I hopped out of my astonishingly expensive Uber ride from the arrival terminal to Mission District, which I opted for instead of taking Bay Area Rapid Transit – which was free. In a foreshadowing experience, my lack of planning would come around to play out in full inefficiency. This would soon garner change in the way all of my future trips would be planned, for this was my first solo beer adventure anywhere of consequence, and I had decided to foolishly wing it.

Wheeling my suitcase up the sidewalks which were pitched so heavily they’d all be majorly failing ADA compliance by Chicago standards, I wondered how anyone in a wheelchair could physically survive there without being regularly launched through the air like a broken roller coaster.


For my first Airbnb experience of all time, I landed myself in the Mission among some sort of small commune. Naked strangers of all features, sexes and genders, body types and cleanliness levels roamed about, inviting me to tea and what not. I wasn’t specifically bothered by the nudity of random humans. Clothed or otherwise, I really just wanted to be alone wherever I was staying. Lesson two might have been to actually read the app before booking a bed. I might have steered my search away from “nudist cult”. Anyway, I found myself coming home very late every night, waking, showering and leaving extremely early every morning. 
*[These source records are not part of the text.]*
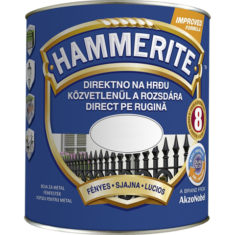 A Hammerite gátolja a kialakult rozsda elterjedését, és rozsdagátló pigmentjei extra tartós védelmet biztosítanak a felületnek. Nincs szükség hozzá alapozóra, elég 2 vastag réteget felhordani. A bevonat fényes felületet eredményez.
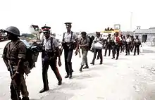 American forces remained in Grenada after combat operations finished in December as part of Operation Island Breeze. Elements remaining performed security missions and assisted members of the Caribbean Peacekeeping Force and the Royal Grenadian Police Force, including military police, special forces, and a specialized intelligence detachment. The Point Salines International Airport was renamed in honor of Prime Minister Maurice Bishop on 29 May 2009, his 65th birthday.[20][21] Hundreds of Grenadians turned out to commemorate the event. Prime Minister Tillman Thomas gave the keynote speech and referred to the renaming as an act of the Grenadian people coming home to themselves.[66] He also hoped that it would help bring closure to a chapter of denial in Grenada's history.
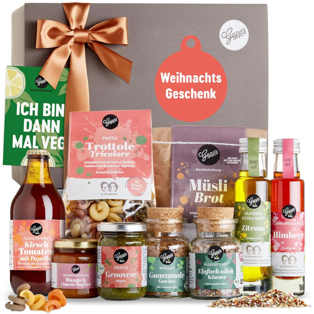 Stelle einen individuellen Geschenkkorb mit einer Auswahl an veganen Leckereien zusammen, darunter Trockenfrüchte, Nüsse, vegane Kekse, Aufstriche und sogar vegane Weine oder Biere. Das Gepp’s Feinkost Vegan Must-Have Set* enthält viele köstliche Variationen an veganen Delikatessen wie Bio Pesto, Aperitif-Essig & Fruchtaufstrich.
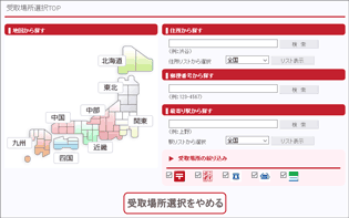 受け取り場所を変更する場合は、「受取場所を再選択する」をクリックして再選択してください。
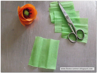 To achieve the poppy capsule we cut a square of green crepe paper of (5 x 5) cm in dimensions.
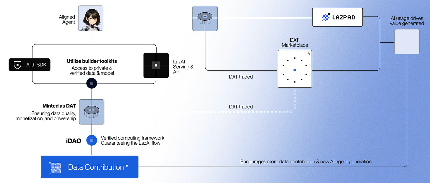 データはユーザーが所有し、LazAI社が構築するDATネットワーク内で自律エージェントとしての発展が期待されています。
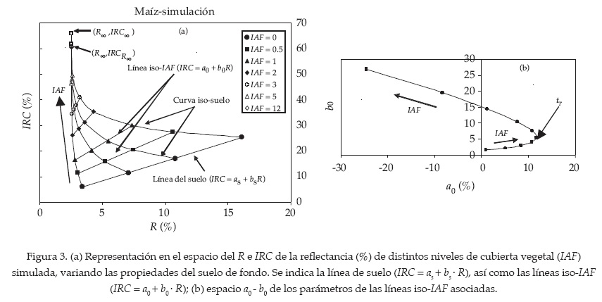 Los patrones espectrales en el espacio del R-IRC, asociados con el crecimiento del cultivo, pueden utilizarse para desarrollar índices de vegetación óptimos (Gilabert et al., 2002; Paz et al., 2007; Romero et al., 2009). La figura 3a muestra simulaciones radiativas asociadas con el incremento del IAF, usando diferentes propiedades ópticas (reflectancias) de los suelos. Paz et al. (2005) hace una descripción detallada de estas simulaciones. Se observa que las curvas iso-suelo, formadas por vegetación creciendo sobre propiedades ópticas constantes del suelo, convergen hasta un punto (ápice del "sombrero de tres picos"), donde la reflectancia del R no cambia, porque se ha saturado. Este punto representa un medio ópticamente denso o de reflectancia en el infinito (R∞) (Ross, 1981).
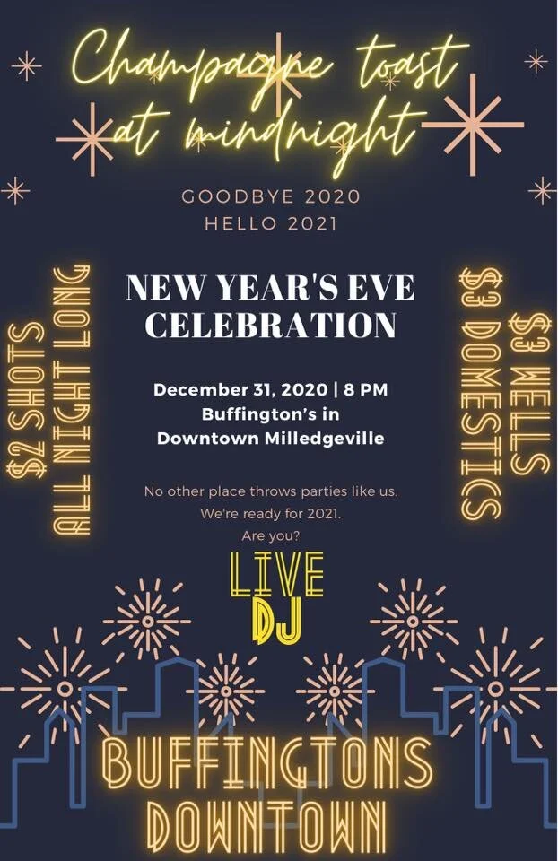 New Year's Eve Celebration at Buffington's Thursday, December 31, 2020 8:00 PM Friday, January 1, 2021 2:00 AM Buffington's 120 West Hancock Street Milledgeville, GA, 31061 United States (map) Google Calendar ICS Buffington’s in Downtown Milledgeville will be ringing in the New Year with a live DJ and champagne toast at midnight. There will be $2 shots, $3 wells and $3 domestics available. The celebration begins at 8 p.m. on New Year’s Eve.
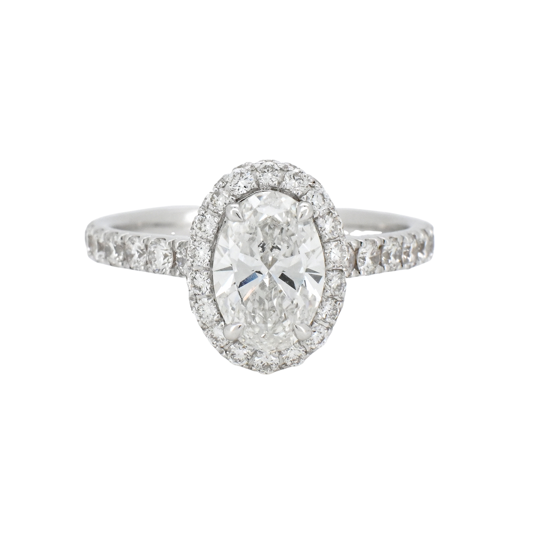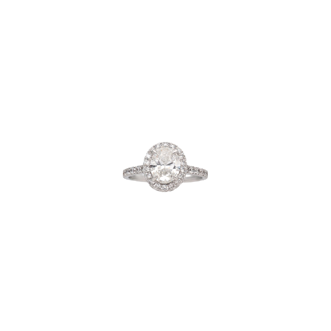 This stunning ring features an oval-shaped lab grown diamond gracefully surrounded by a sparkling halo...
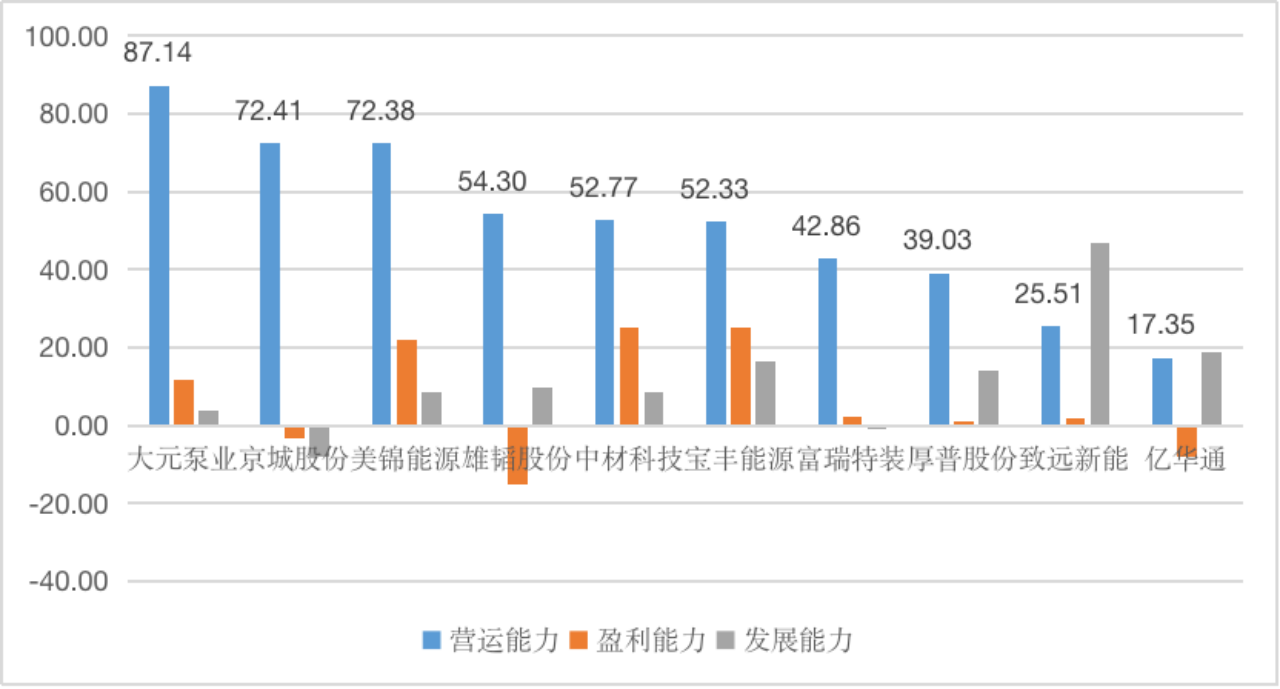 图4 “氢能源”赛道企业营运、盈利和发展能力表现(100分制)
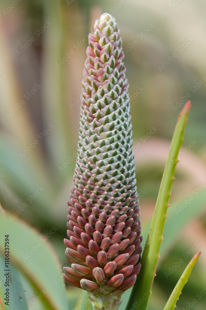 Aloe speciosa aka tilt-head aloe succulent regular unopened bud pattern, natural macro floral background
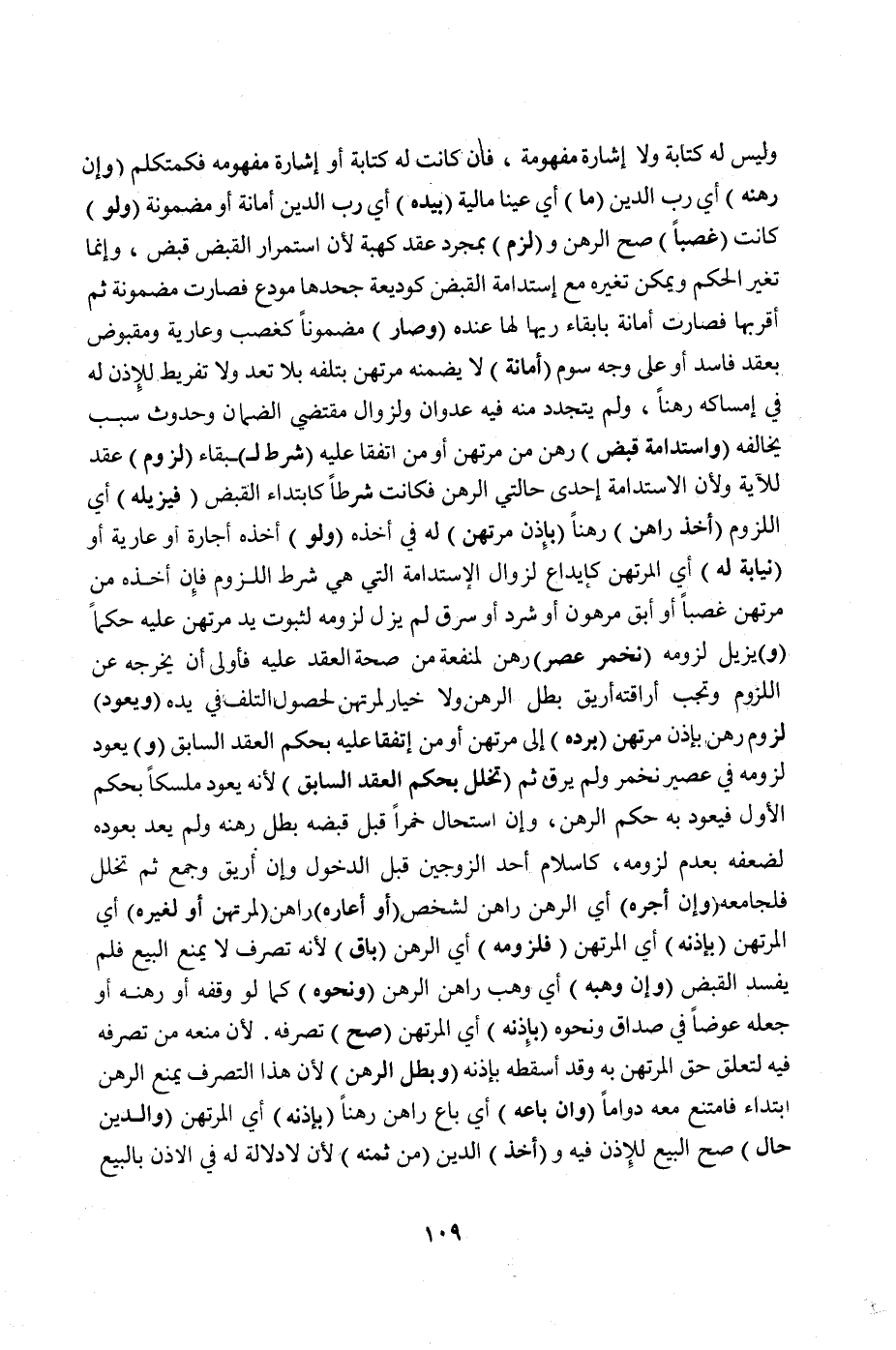(وَإِنْ رَهَنَهُ) أَيْ رَبُّ الدَّيْنِ (مَا) أَيْ عَيْنًا مَالِيَّةً (بِيَدِهِ) أَيْ: رَبِّ الدَّيْنِ أَمَانَةً أَوْ مَضْمُونَةً (وَلَوْ) كَانَتْ (غَصْبًا) صَحَّ الرَّهْنُ وَ (لَزِمَ) بِمُجَرَّدِ عَقْدٍ كَهِبَةٍ ; لِأَنَّ اسْتِمْرَارَ الْقَبْضِ قَبْضٌ، وَإِنَّمَا تَغَيَّرَ الْحُكْمُ وَيُمْكِنُ تَغَيُّرُهُ مَعَ اسْتِدَامَةِ الْقَبْضِ كَوَدِيعَةٍ جَحَدَهَا مُودَعٌ فَصَارَتْ مَضْمُونَةً ثُمَّ أَقَرَّ بِهَا فَصَارَتْ أَمَانَةً بِإِبْقَاءِ رَبِّهَا لَهَا عِنْدَهُ (وَصَارَ) مَضْمُونًا كَغَصْبٍ وَعَارِيَّةٍ وَمَقْبُوضٍ بِعَقْدٍ فَاسِدٍ أَوْ عَلَى وَجْهِ سَوْمٍ (أَمَانَةً) لَا يَضْمَنُهُ مُرْتَهِنٌ بِتَلَفِهِ بِلَا تَعَدٍّ وَلَا تَفْرِيطٍ لِلْإِذْنِ لَهُ فِي إمْسَاكِهِ رَهْنًا، وَلَمْ يَتَجَدَّدْ مِنْهُ فِيهِ عُدْوَانٌ وَلِزَوَالِ مُقْتَضِي الضَّمَانِ وَحُدُوثِ سَبَبٍ يُخَالِفُهُ
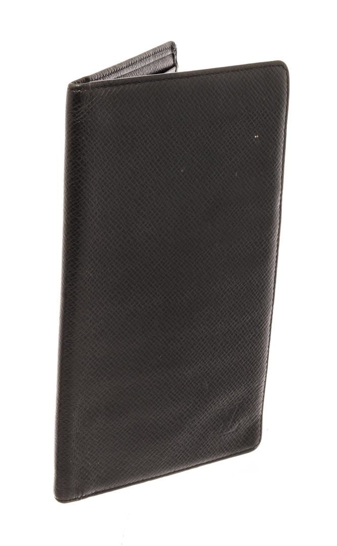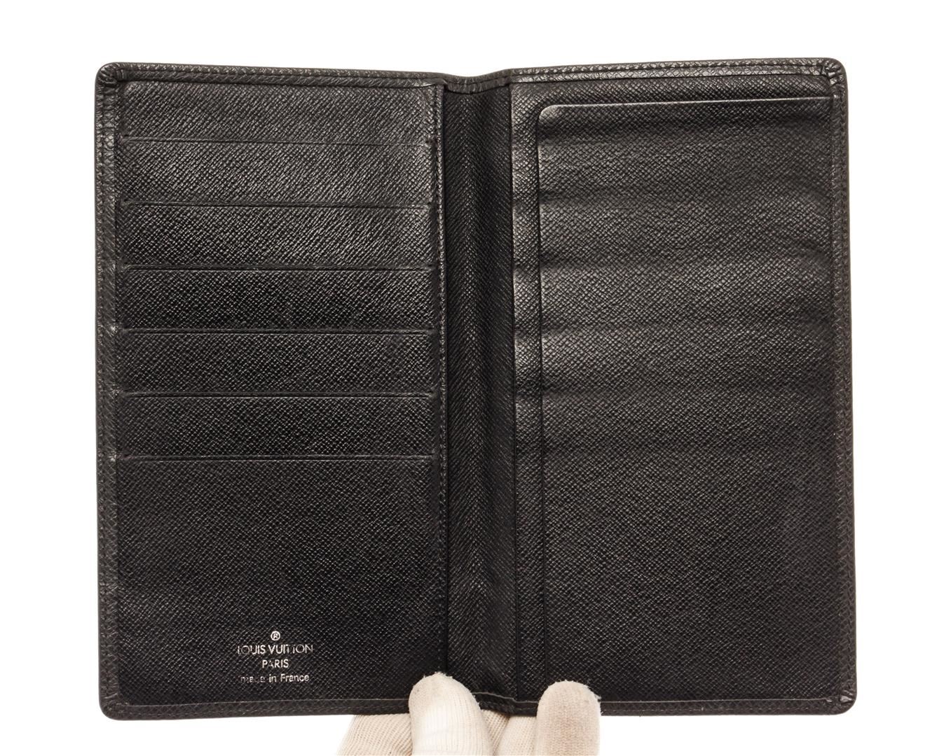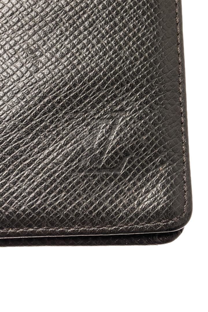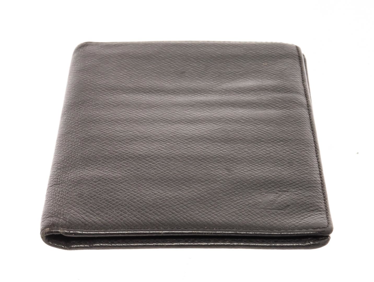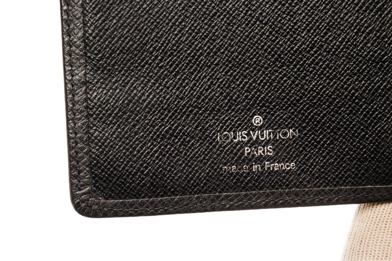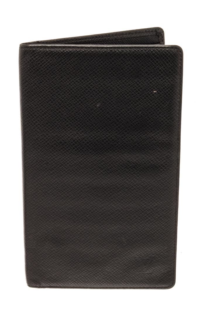 Louis Vuitton Gray Taiga Leather Travel Wallet. All available information is listed in the description and shown in the photos. Louis Vuitton Gray Taiga Leather Travel Wallet with black taiga leather, silver tone hardware, leather lining & three interior pockets with card slots, flap closure. Height: 7.25" Width: 4" Depth: 0.25", / 18.41 x 10.16 x 0.63 Cm
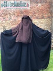 jilbab égyptien +1m65 col ouvert noir niqab intégré 15e
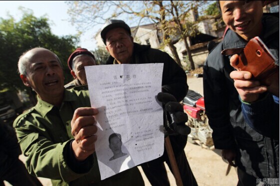 15日上午9时许,南都记者在搜索现场看到,在距合成村大约十余公里的双合公路处,警察设卡检查可疑车辆。图为村民拿着协查通报议论。
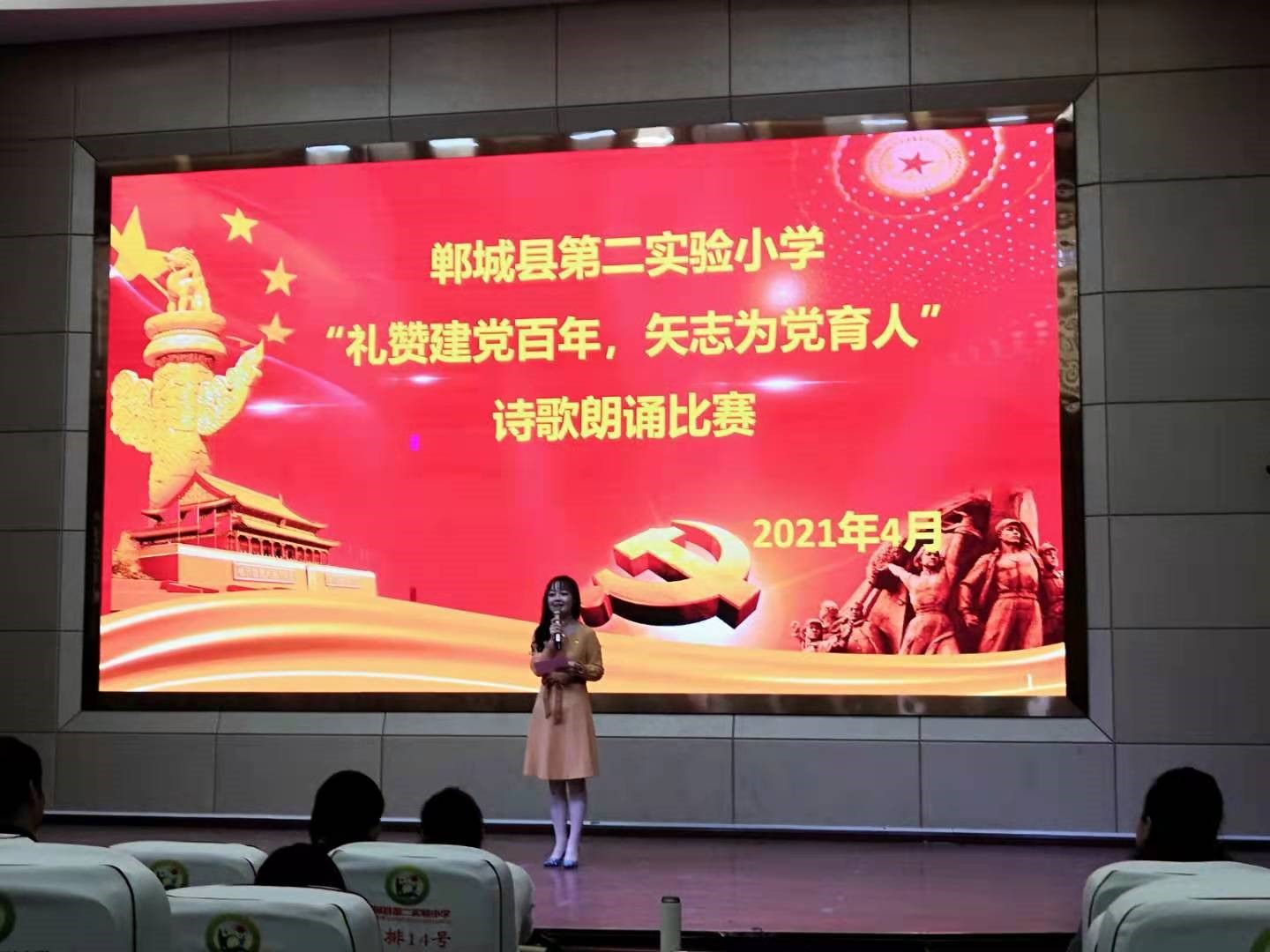 4月14日,鄲城縣第二實驗小學(xué)舉行關(guān)于“百年榮光·每個人都了不起”系列主題活動——獻禮建黨100周年詩歌朗誦比賽。26位教師分10支代表隊參賽。
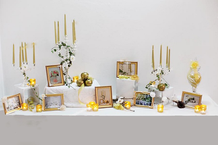 Bàn Gallery với nến, khung ảnh và những quả táo bằng vàng
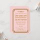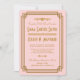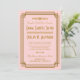 These wedding invitations feature a pink and gold colour palette, a geometric frame, and other stylistic details all inspired by Art Deco and the roaring twenties. You can customise the sample text fields to your liking.
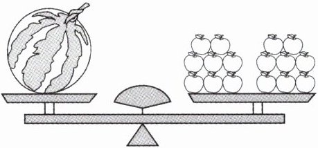 5 (1)如图,如果左盘中再放上1个西瓜和8个苹果,那么右盘中要放上(

That initial eve, I walked a few blocks off Mission Street for a Mission-Style Burrito, and then randomly ended up at a remarkable cocktail bar called The Royal Cuckoo Organ Lounge in Bernal Heights. My visit felt like a climb-up into grandma’s cluttered attic where she keeps all the knickknacks. Toys, tinsel, and taxidermy. Sixties Psych Rock records crammed on to old shelving and vintage fire-hazard Christmas bulbs strung about with glee. All was aglow in red-tinted flushes of light reminding me of the warmth and familiarity of places back home like The California Clipper. When my eyes adjusted enough, I noticed lounge tables sporting wooden church pews of old.


As I sipped an impeccably crafted Manhattan called Antica, built on Basil Haden and Apple Jack soaked cherries, I listened to a man wail away on a Hammond organ. By my second drink I noticed the guy was most likely blind, and his magical organ was built right in to the bar. Jazz, Blues and Soul songs filled the air while I savored the beautiful creations the barkeep with a joke at the ready, continued to concoct and slide my way.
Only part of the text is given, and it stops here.